* **GIVEN INFORMATION**:
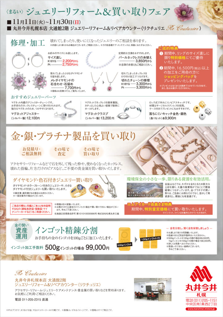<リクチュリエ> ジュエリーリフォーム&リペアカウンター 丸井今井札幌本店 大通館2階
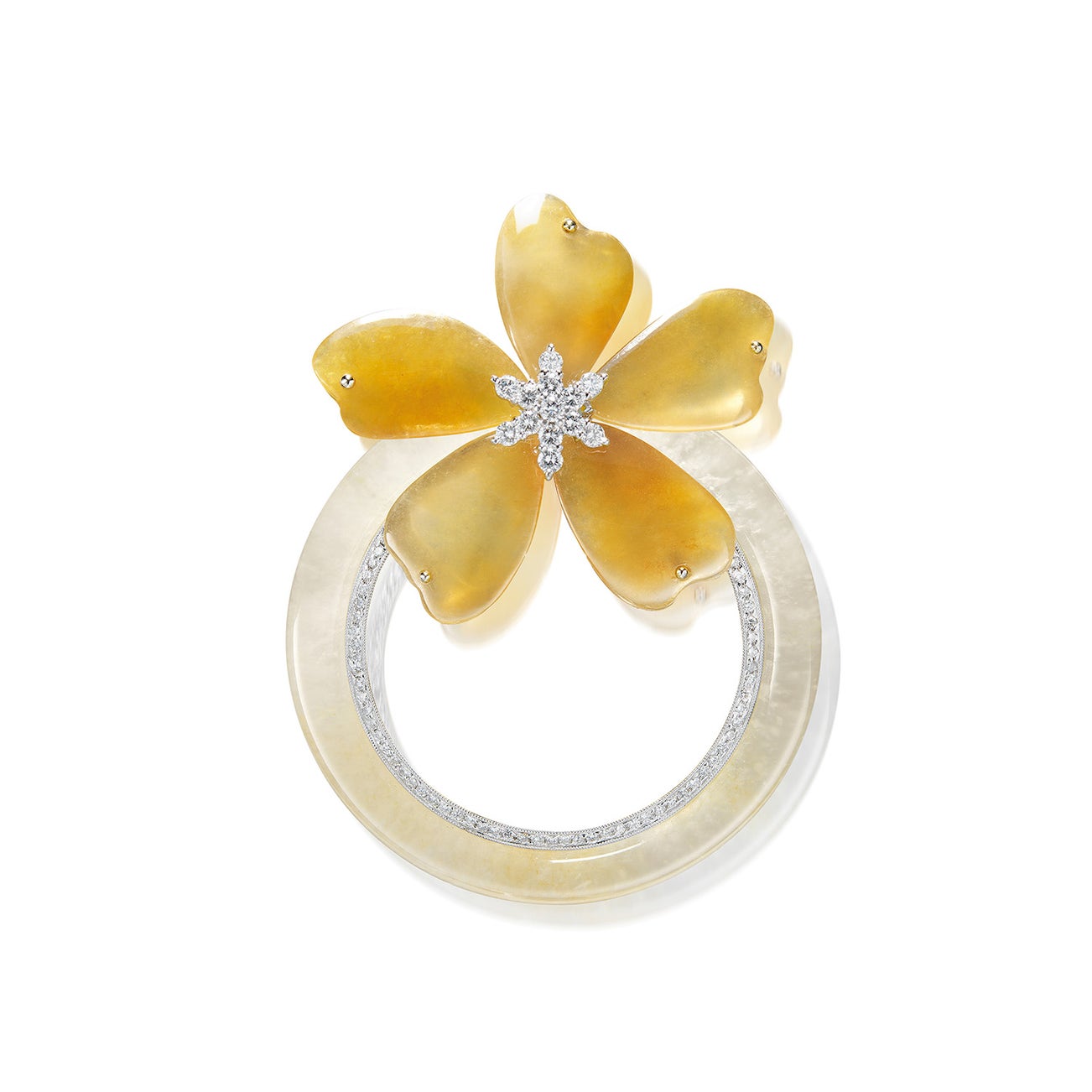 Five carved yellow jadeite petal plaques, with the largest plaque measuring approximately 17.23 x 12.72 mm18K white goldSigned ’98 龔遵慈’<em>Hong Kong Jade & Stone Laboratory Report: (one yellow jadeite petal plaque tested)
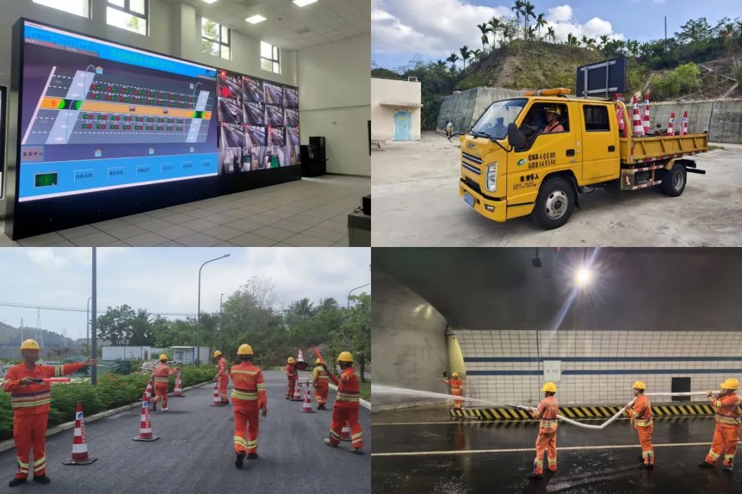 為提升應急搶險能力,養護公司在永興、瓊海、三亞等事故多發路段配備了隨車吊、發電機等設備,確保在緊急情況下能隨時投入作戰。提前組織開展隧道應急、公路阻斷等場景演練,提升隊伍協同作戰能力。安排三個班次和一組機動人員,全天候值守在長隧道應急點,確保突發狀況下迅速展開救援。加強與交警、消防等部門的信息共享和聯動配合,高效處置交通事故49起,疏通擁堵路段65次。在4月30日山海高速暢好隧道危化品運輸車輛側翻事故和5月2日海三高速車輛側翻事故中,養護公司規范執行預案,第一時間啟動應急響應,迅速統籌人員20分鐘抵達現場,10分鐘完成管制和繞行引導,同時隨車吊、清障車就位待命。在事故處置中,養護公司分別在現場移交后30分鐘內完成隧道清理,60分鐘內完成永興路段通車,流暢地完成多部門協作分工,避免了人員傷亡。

...

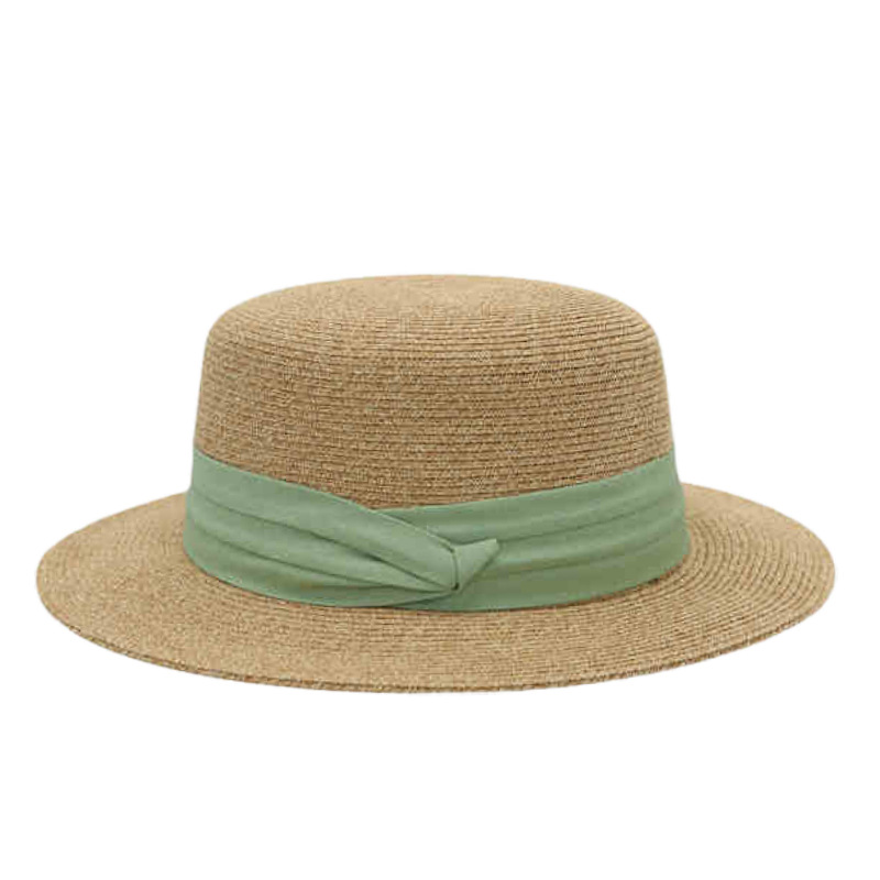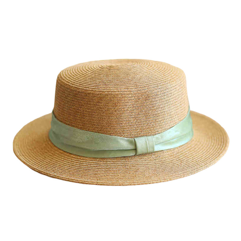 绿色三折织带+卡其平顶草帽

---

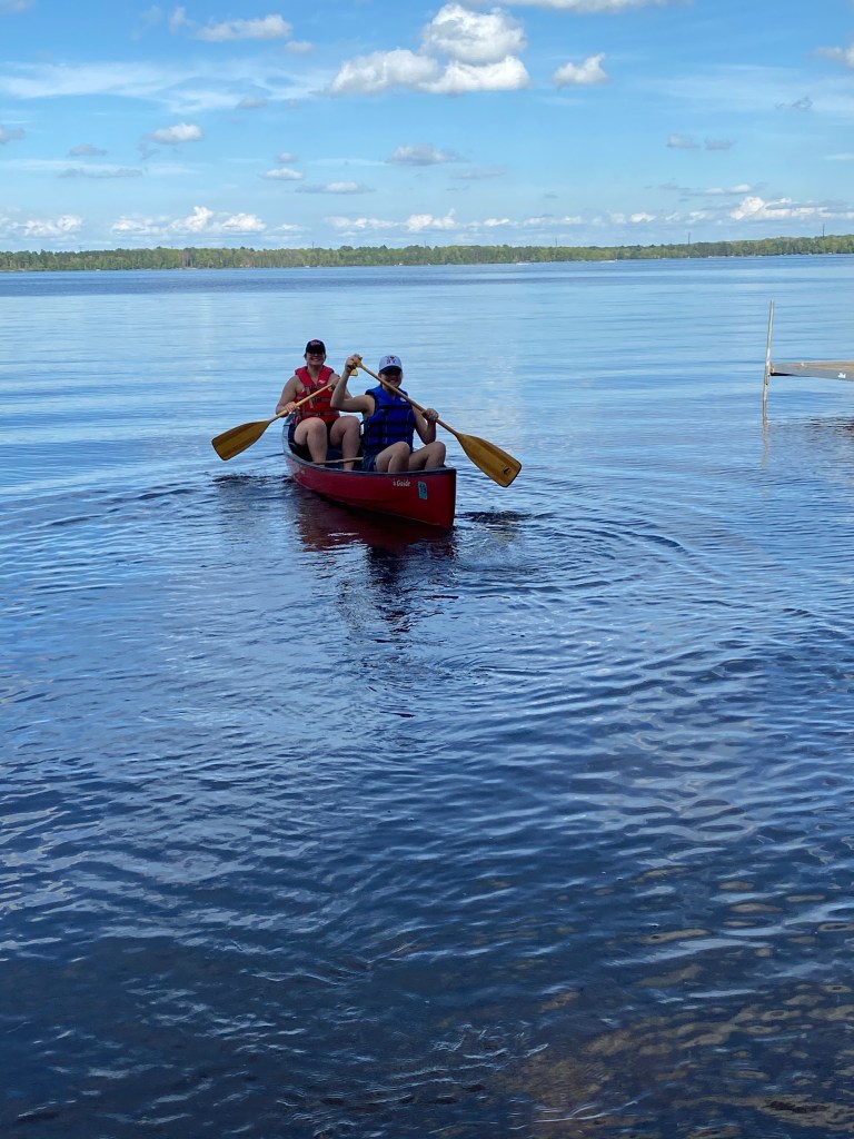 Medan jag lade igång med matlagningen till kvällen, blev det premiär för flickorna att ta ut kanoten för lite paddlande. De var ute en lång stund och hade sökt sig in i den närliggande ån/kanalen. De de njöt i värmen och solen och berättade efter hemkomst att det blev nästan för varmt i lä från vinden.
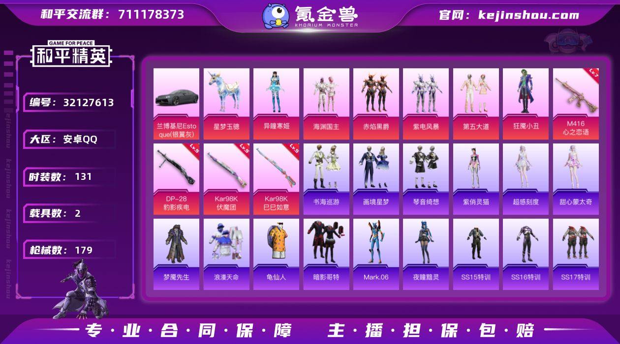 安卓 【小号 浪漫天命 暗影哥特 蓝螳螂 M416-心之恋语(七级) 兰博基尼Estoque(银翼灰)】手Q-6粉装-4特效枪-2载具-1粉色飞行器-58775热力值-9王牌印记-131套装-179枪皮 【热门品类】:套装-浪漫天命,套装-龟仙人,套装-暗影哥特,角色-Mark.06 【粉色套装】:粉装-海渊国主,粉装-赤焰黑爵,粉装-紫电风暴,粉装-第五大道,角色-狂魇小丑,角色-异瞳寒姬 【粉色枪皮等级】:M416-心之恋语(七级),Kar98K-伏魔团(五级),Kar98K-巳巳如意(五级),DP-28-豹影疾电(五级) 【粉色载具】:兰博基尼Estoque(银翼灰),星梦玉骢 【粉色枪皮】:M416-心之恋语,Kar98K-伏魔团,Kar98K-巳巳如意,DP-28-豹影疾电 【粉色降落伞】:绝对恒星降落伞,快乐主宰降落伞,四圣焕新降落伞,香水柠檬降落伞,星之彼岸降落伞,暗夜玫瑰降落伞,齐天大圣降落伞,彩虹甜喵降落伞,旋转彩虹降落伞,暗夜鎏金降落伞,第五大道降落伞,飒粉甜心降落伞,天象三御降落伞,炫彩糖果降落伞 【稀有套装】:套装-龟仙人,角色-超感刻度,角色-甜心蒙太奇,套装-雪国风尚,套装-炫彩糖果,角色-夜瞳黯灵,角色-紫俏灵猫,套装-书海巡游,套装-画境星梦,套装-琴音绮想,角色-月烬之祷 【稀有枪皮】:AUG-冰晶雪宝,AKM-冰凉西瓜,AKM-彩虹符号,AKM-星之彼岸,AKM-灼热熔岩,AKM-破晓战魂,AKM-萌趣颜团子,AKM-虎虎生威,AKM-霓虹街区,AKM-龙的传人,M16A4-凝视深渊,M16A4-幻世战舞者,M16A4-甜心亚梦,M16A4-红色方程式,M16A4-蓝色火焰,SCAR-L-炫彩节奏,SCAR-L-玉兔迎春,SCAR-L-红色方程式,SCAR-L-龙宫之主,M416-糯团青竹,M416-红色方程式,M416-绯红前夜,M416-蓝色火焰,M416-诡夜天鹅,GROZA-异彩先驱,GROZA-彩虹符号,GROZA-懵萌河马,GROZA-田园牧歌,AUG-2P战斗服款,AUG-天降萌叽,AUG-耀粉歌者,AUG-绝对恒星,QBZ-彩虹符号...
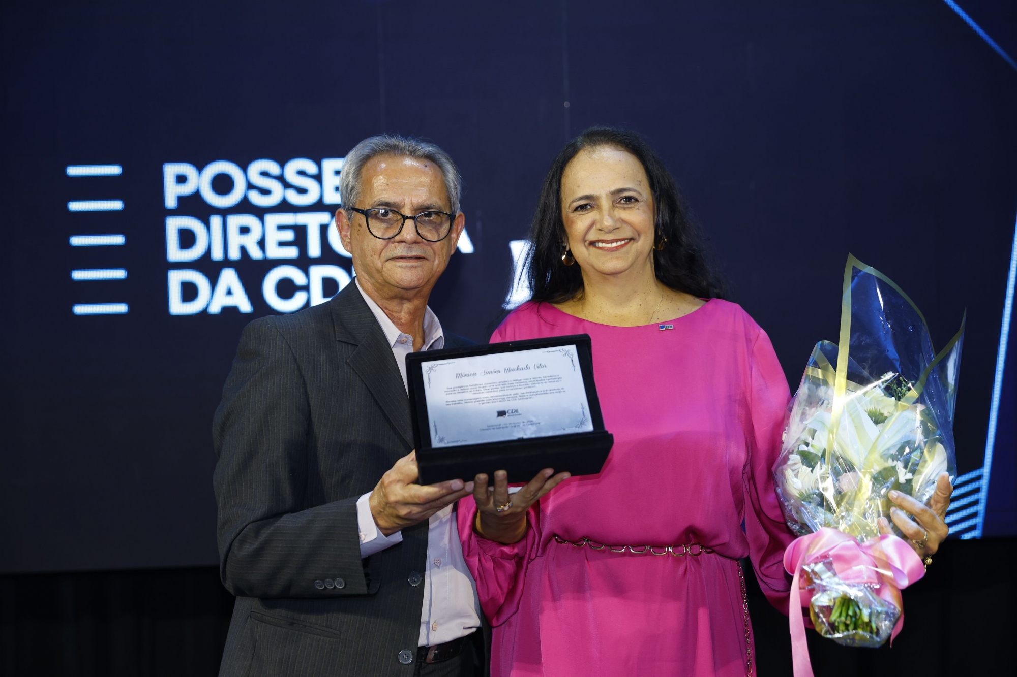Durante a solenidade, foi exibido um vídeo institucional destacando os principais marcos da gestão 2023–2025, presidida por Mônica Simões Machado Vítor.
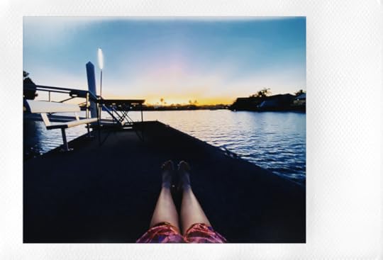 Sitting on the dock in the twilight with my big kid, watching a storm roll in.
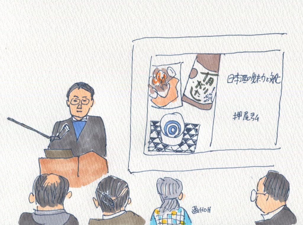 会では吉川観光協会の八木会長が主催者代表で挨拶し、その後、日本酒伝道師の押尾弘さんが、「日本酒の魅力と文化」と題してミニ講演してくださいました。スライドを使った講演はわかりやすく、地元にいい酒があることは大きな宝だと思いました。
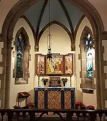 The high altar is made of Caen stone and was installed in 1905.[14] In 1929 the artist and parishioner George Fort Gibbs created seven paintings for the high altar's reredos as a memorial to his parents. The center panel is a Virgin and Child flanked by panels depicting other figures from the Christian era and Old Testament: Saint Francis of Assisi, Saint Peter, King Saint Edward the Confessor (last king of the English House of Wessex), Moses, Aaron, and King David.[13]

* **PROBLEM DESCRIPTION**:
Return only the part above that opens with the line containing "会では吉川観光協会の八木会長" and closes with the line containing "The high altar is", exactly and with both ends, skipping the pictures.

* **ANSWER TO THE PROBLEM**:
 会では吉川観光協会の八木会長が主催者代表で挨拶し、その後、日本酒伝道師の押尾弘さんが、「日本酒の魅力と文化」と題してミニ講演してくださいました。スライドを使った講演はわかりやすく、地元にいい酒があることは大きな宝だと思いました。
 The high altar is made of Caen stone and was installed in 1905.[14] In 1929 the artist and parishioner George Fort Gibbs created seven paintings for the high altar's reredos as a memorial to his parents. The center panel is a Virgin and Child flanked by panels depicting other figures from the Christian era and Old Testament: Saint Francis of Assisi, Saint Peter, King Saint Edward the Confessor (last king of the English House of Wessex), Moses, Aaron, and King David.[13]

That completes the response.